[Saved entries]
--*--

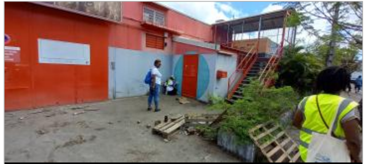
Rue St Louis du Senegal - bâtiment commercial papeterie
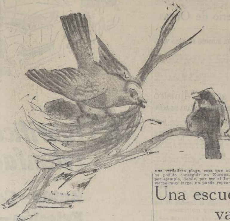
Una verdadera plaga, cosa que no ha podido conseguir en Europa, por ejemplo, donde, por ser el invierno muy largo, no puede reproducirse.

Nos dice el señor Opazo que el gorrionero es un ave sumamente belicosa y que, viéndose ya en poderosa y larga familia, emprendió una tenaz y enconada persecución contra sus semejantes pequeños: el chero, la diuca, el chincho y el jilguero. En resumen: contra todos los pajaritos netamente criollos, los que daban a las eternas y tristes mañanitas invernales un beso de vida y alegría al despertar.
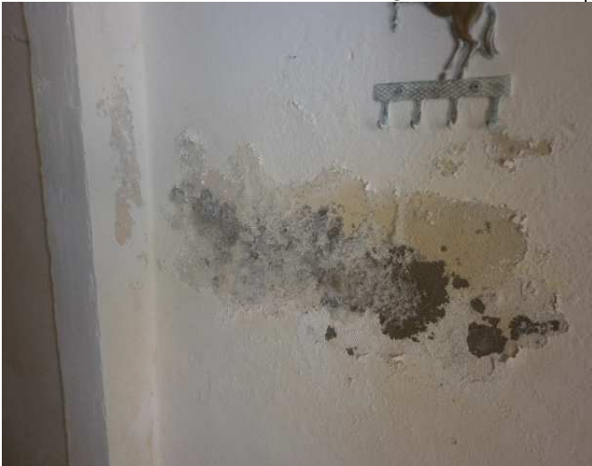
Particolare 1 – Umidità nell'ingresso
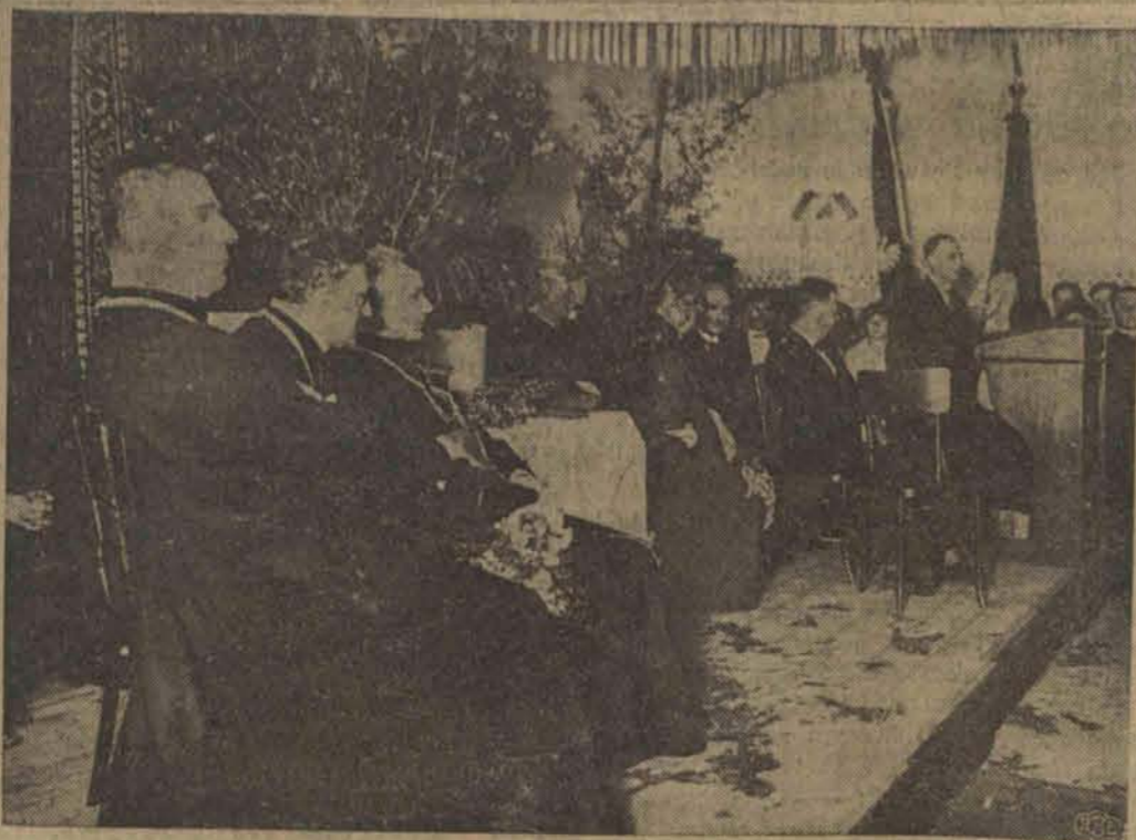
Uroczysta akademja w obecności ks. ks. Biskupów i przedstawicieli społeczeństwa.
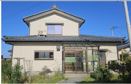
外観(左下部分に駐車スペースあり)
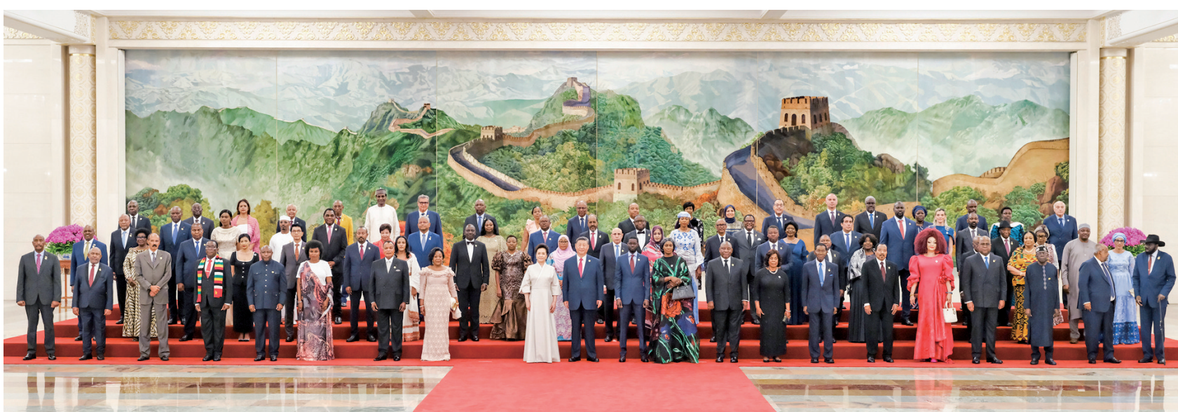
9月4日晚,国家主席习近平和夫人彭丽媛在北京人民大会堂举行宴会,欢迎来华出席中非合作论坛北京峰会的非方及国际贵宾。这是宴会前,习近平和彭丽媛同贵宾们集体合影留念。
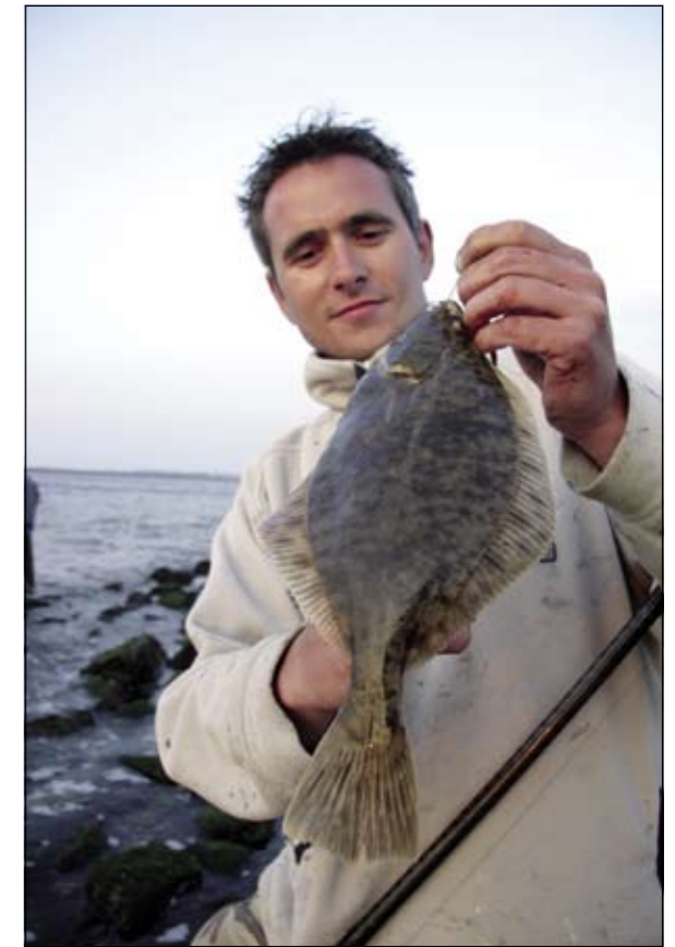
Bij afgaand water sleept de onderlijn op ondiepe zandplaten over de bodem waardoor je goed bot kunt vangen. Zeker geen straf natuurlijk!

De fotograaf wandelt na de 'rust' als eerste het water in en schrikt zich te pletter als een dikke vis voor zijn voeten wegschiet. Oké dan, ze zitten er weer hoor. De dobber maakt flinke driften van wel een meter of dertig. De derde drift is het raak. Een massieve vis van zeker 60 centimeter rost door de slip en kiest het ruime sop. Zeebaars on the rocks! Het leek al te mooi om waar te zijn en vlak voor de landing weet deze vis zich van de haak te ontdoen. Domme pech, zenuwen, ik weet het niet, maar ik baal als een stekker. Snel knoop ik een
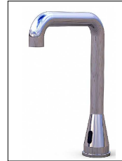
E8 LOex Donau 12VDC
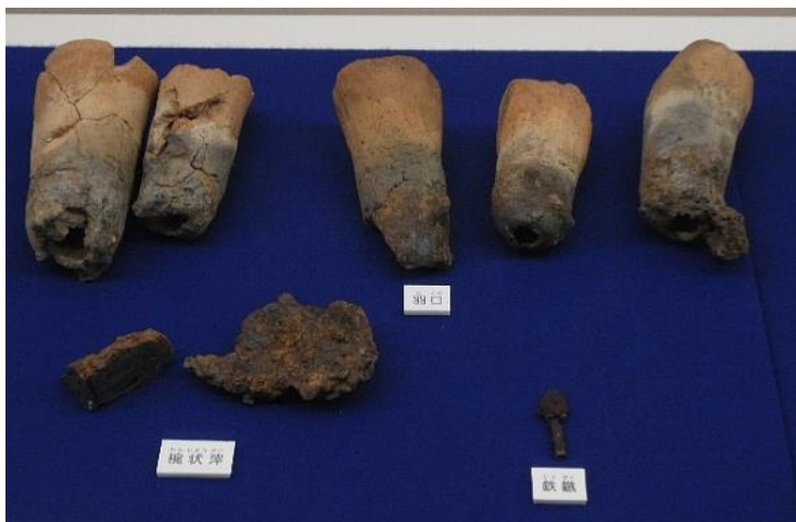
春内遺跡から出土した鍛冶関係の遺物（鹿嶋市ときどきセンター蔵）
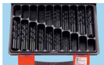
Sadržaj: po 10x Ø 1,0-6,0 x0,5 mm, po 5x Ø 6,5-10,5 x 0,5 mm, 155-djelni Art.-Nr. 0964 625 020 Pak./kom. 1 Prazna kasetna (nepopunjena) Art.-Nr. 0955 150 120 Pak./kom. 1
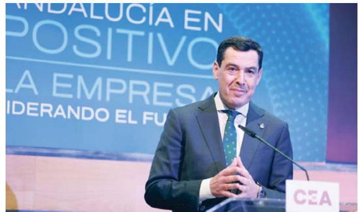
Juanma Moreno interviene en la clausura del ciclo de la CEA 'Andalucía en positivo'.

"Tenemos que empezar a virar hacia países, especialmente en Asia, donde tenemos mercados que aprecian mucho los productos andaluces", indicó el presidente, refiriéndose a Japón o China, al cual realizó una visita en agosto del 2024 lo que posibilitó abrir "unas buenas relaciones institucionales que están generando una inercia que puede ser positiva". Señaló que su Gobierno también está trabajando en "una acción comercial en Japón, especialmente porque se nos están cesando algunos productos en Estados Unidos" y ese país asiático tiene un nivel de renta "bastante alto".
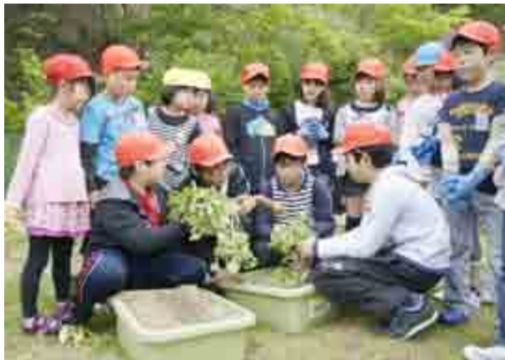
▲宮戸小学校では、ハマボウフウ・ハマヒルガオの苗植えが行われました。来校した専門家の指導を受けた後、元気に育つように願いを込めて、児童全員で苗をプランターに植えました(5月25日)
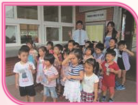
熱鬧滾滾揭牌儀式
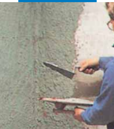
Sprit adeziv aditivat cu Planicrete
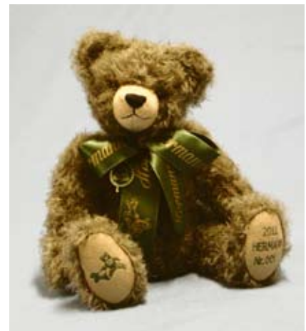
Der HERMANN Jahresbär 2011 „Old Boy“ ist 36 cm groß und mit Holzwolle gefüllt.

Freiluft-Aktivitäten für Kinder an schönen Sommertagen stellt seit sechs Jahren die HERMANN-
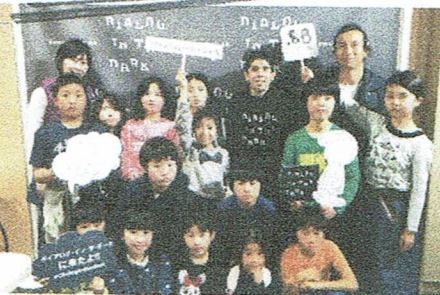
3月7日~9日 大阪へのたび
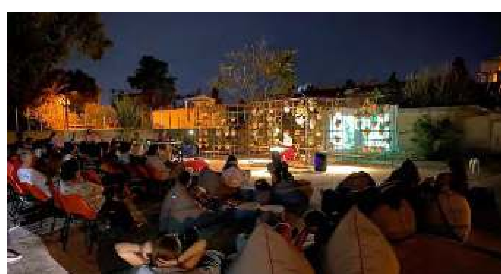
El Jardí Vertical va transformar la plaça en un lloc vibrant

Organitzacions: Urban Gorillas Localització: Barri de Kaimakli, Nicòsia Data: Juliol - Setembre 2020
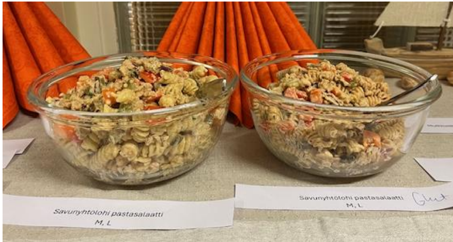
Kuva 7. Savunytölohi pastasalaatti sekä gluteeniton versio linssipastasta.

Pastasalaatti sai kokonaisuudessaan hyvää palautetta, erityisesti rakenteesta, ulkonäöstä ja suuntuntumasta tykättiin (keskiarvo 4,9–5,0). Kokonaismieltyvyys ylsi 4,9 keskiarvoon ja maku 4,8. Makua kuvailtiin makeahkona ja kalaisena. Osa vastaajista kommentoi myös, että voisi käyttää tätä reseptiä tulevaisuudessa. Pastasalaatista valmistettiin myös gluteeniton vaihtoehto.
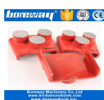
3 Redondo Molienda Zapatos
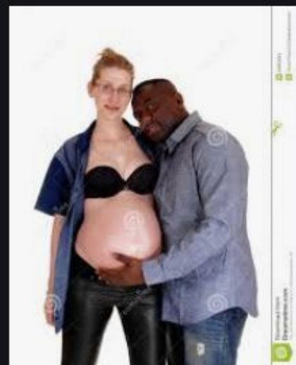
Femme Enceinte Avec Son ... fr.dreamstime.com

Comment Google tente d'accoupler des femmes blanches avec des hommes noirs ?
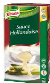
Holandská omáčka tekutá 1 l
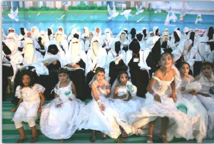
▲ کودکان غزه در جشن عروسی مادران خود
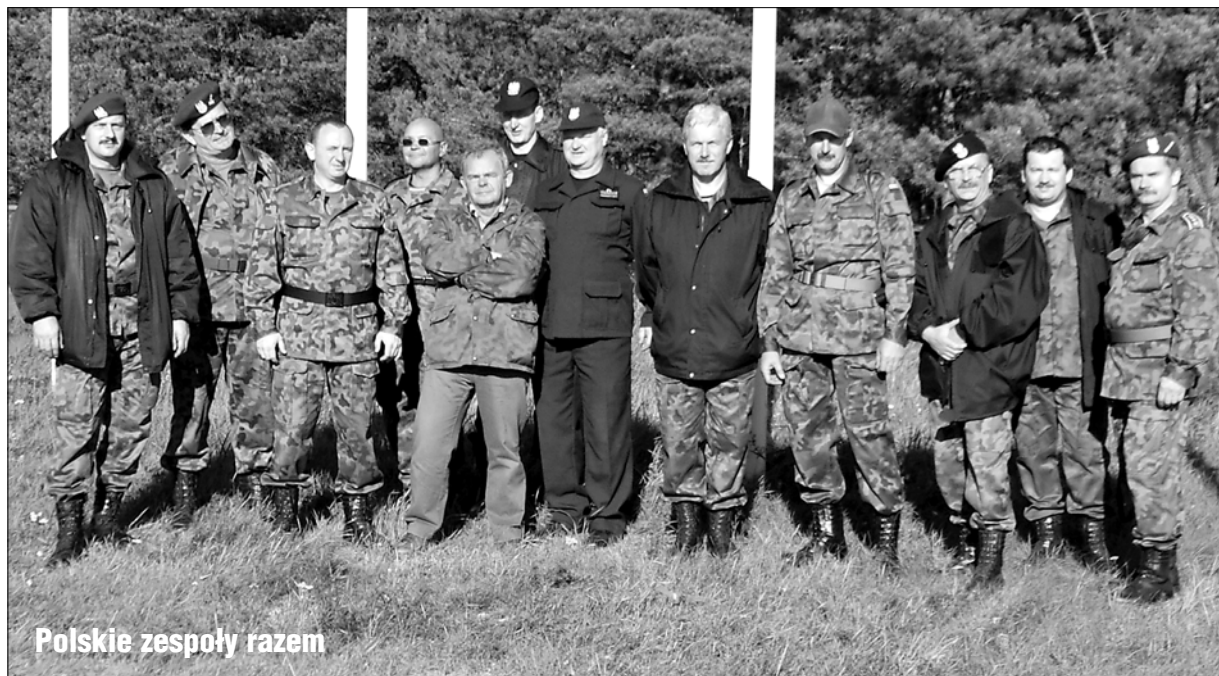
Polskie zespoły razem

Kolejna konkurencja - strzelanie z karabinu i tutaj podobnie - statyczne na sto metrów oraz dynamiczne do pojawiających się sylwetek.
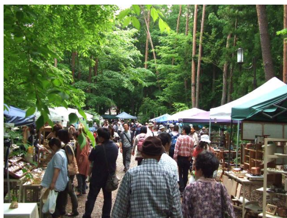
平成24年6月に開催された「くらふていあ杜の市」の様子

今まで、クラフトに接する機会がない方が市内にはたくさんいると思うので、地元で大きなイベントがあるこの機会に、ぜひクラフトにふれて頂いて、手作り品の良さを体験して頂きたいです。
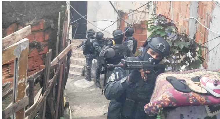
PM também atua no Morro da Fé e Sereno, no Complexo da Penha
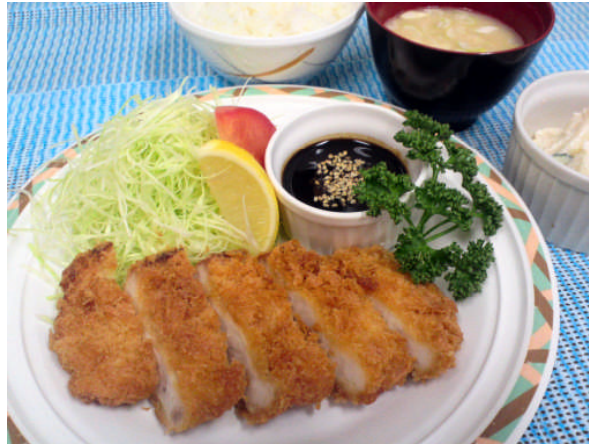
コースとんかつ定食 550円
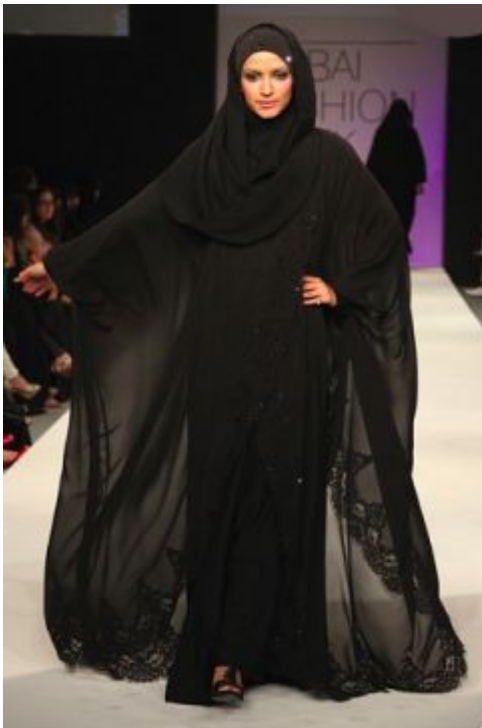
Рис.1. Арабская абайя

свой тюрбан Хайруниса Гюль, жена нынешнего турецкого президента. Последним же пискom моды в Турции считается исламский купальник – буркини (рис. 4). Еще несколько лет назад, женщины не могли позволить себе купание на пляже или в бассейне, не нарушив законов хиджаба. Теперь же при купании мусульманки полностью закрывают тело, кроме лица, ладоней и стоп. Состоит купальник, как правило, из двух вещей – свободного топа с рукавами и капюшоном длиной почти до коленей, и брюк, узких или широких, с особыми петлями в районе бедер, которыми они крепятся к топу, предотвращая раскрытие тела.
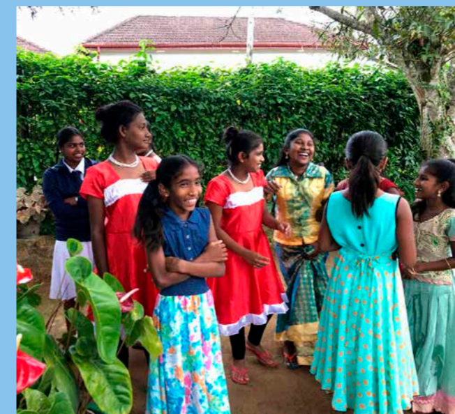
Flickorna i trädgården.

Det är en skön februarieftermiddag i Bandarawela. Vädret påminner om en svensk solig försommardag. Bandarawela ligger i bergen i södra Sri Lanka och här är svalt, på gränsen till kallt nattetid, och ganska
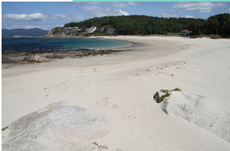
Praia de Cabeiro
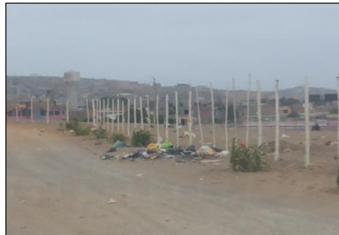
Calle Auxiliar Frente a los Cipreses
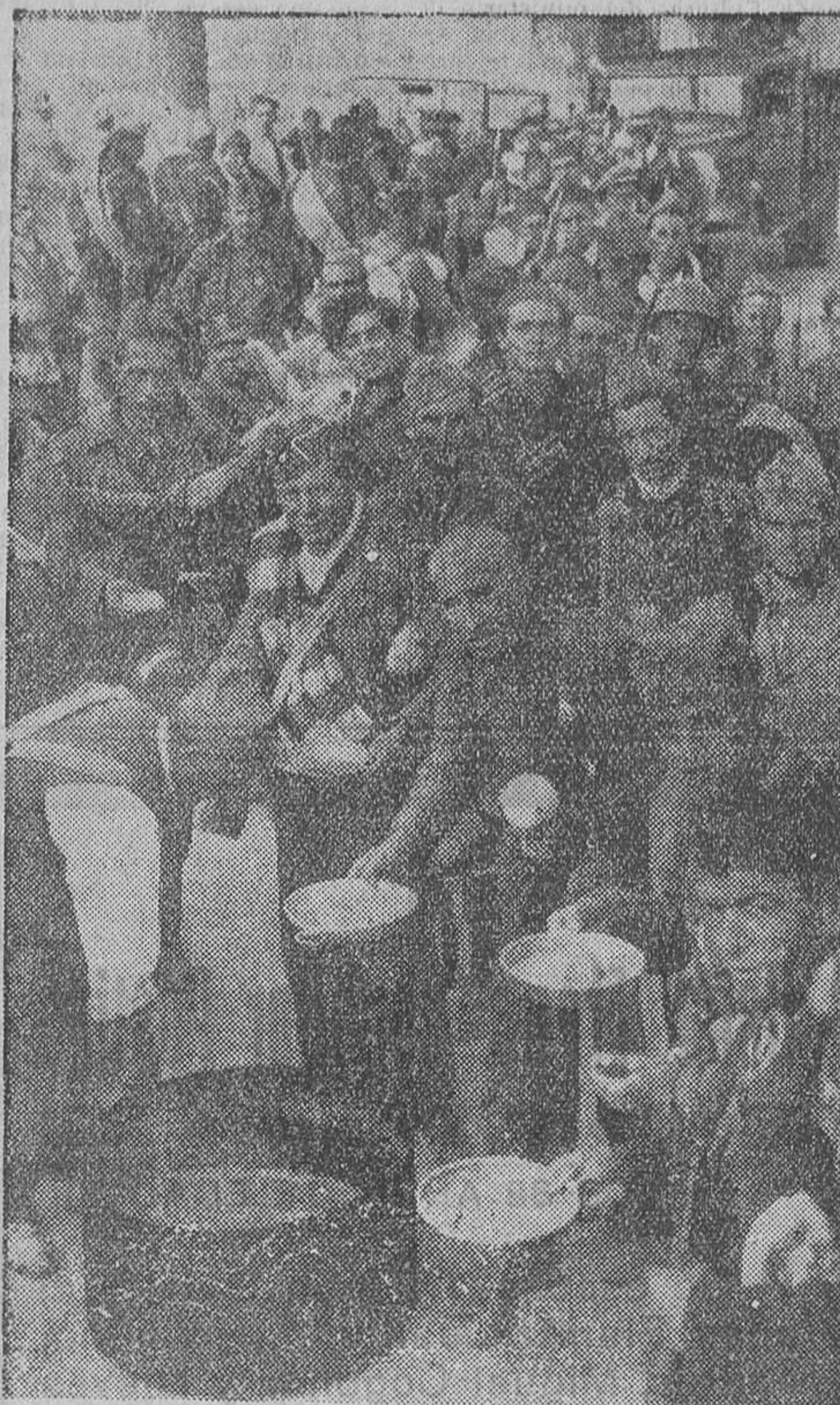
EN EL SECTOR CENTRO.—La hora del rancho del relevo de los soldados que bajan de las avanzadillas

--*--

PROBLEM TO WORK ON → Transcribe exactly, and only, the lines from the line with "عروسی مادران خود" through the last line of the records, inclusive; the pictures do not belong in the copy.

SOLUTION FOR THIS TASK →
▲ کودکان غزه در جشن عروسی مادران خود
Polskie zespoły razem

Kolejna konkurencja - strzelanie z karabinu i tutaj podobnie - statyczne na sto metrów oraz dynamiczne do pojawiających się sylwetek.
平成24年6月に開催された「くらふていあ杜の市」の様子

今まで、クラフトに接する機会がない方が市内にはたくさんいると思うので、地元で大きなイベントがあるこの機会に、ぜひクラフトにふれて頂いて、手作り品の良さを体験して頂きたいです。
PM também atua no Morro da Fé e Sereno, no Complexo da Penha
コースとんかつ定食 550円
Рис.1. Арабская абайя

свой тюрбан Хайруниса Гюль, жена нынешнего турецкого президента. Последним же пискom моды в Турции считается исламский купальник – буркини (рис. 4). Еще несколько лет назад, женщины не могли позволить себе купание на пляже или в бассейне, не нарушив законов хиджаба. Теперь же при купании мусульманки полностью закрывают тело, кроме лица, ладоней и стоп. Состоит купальник, как правило, из двух вещей – свободного топа с рукавами и капюшоном длиной почти до коленей, и брюк, узких или широких, с особыми петлями в районе бедер, которыми они крепятся к топу, предотвращая раскрытие тела.
Flickorna i trädgården.

Det är en skön februarieftermiddag i Bandarawela. Vädret påminner om en svensk solig försommardag. Bandarawela ligger i bergen i södra Sri Lanka och här är svalt, på gränsen till kallt nattetid, och ganska
Praia de Cabeiro
Calle Auxiliar Frente a los Cipreses
EN EL SECTOR CENTRO.—La hora del rancho del relevo de los soldados que bajan de las avanzadillas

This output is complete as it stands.